如何在生成迷宫时阻止角落接触

时间:2017-11-02 22:06:48

标签: python python-3.x numpy matplotlib maze

我一直在尝试在Python 3中开发一个迷宫生成器,我即将完成。我已经到了可以创建迷宫的地步,如下图所示,但如果你仔细观察,你可能会看到我担心的两个问题。在某些情况下,路径的角落是触摸的。这是我明确试图通过检查每个潜在单元格8边缘和角落来避免的事情。还有一些景点,我可以看到哪里有"岛屿"有额外单元格的空间,但它是空的。如果您对如何解决这个问题有任何想法,那就太棒了。

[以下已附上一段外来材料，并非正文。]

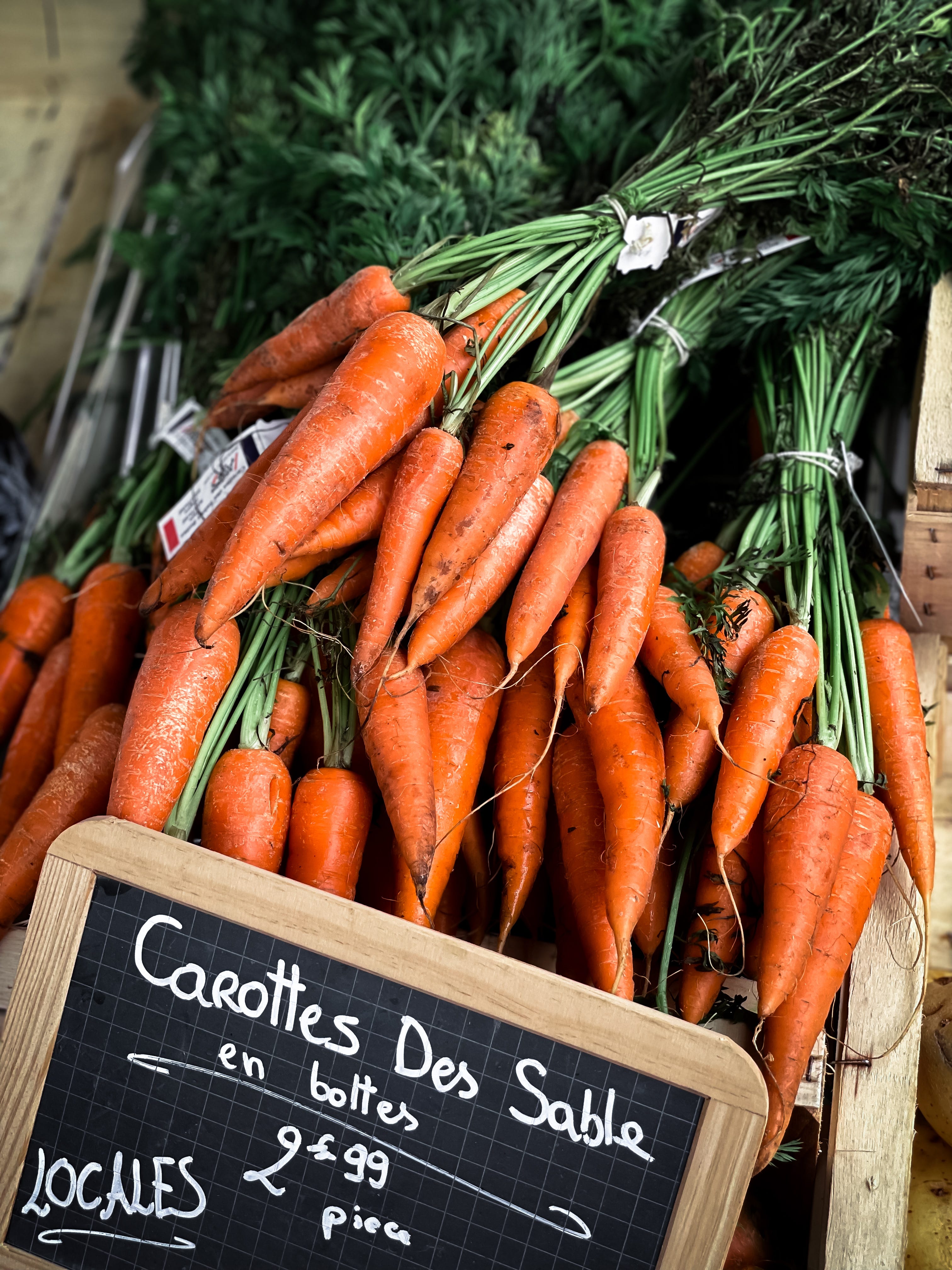 🍇 Grapes – The vendanges are underway by mid-september, and the market is filled with bunches of Muscat covered with a silvery bloom and Chasselas de Moissac, a prized AOP table grape from southwest France. Sweet, perfumed, and tasting of late-summer sun. I love to roast them with sausages and red onions, finished with a little balsamic vinegar when the pan’s still hot. Serve with creamy mashed potato!

谢谢!

Picture Of The Generated Maze

import random
import numpy as np
from matplotlib import pyplot as plt

# Width and height of the maze
mx = 50
my = 50

# Maze Array
maze = np.zeros((mx, my))

# Directions to move in the maze
dx = [-1, 1, 0, 0, -1, 1, 1, -1]
dy = [0, 0, -1, 1, -1, 1, -1, 1]

# Visited Cells
stack = []

# Find Which Neighbour Cells Are Valid
def nextCell(cx, cy):

    # Set Current Cell To '1'
    maze[cy, cx] = 1

    # List Of Available Neighbour Cell Locations
    n = []

    # Check The 4 Available Neighbour Cells
    for i in range(4):

        nx = cx + dx[i]
        ny = cy + dy[i]

        # Check If Neighbours Cell Is Inbound
        if nx >= 1 and nx < my - 1 and ny >= 1 and ny < mx - 1:

            # Check If Neighbour Cell Is Occupied
            if maze[ny, nx] == 0:

                # Variable To Store Neighbour Cells Neighbours
                cn = 0

                # Loop Through Neighbour Cells Neighbours
                for j in range(8):

                    ex = nx + dx[j]
                    ey = ny + dy[j]

                    # Check If Neighbour Cells Neighbour Is Inbound
                    if ex >= 0 and ex < my and ey >= 0 and ey < mx:

                        # Check If Neighbour Cells Neighbour Is Occupied
                        if maze[ey, ex] == 1:
                            cn += 1

                # If Neighbour Cells Neighbour Has Less Than 2 Neighbours, Add Cell To List
                if cn <= 2:
                    n.append((ny, nx))



    # Return The List Of Valid Neighbours
    return n

# Generate The Maze
def GenerateMaze(sx, sy):

    # Initialize 'x,y' With Starting Location
    x = sx
    y = sy

    # Loop Until Maze Is Fully Generated
    while True:

        # Neighbour List
        n = nextCell(x, y)

        # Check If 'n'  Contains A Neighbour
        if len(n) > 0:
            stack.append((y, x))

            ir = n[random.randint(0, len(n) - 1)]

            x = ir[1]
            y = ir[0]

        # Go Back Through The Stack
        elif len(stack) > 1:
            stack.pop()

            x = stack[-1][1]
            y = stack[-1][0]

        # Maze Is Complete
        else:    
            break



if __name__ == "__main__":

    # Generate Maze
    GenerateMaze(random.randint(1,8), random.randint(1,8))

    # Show Plot
    plt.imshow(maze, interpolation='nearest')
    plt.show()

1 个答案:

答案 0 :(得分:2)

在检查被占用的相邻单元格时,您可以通过向前看一点来摆脱触摸角落。行后

if maze[ny, nx] == 0:

只需添加以下内容:

    # Abort if there is an occupied cell diagonally adjacent to this one
    if maze[ny+dy[i]+dx[i], nx+dx[i]+dy[i]] or maze[ny+dy[i]-dx[i], nx+dx[i]-dy[i]]:
        continue

结果如下:

50x50 maze without diagonally adjacent cells

我认为摆脱这些岛屿有点棘手。如果这是你真正想要避免的东西,我会建议以更有序的方式构建迷宫。维基百科有一个关于maze generation algorithms的页面。随机化的Kruskal算法给出了非常好的结果,并且在Python中实现起来应该非常简单。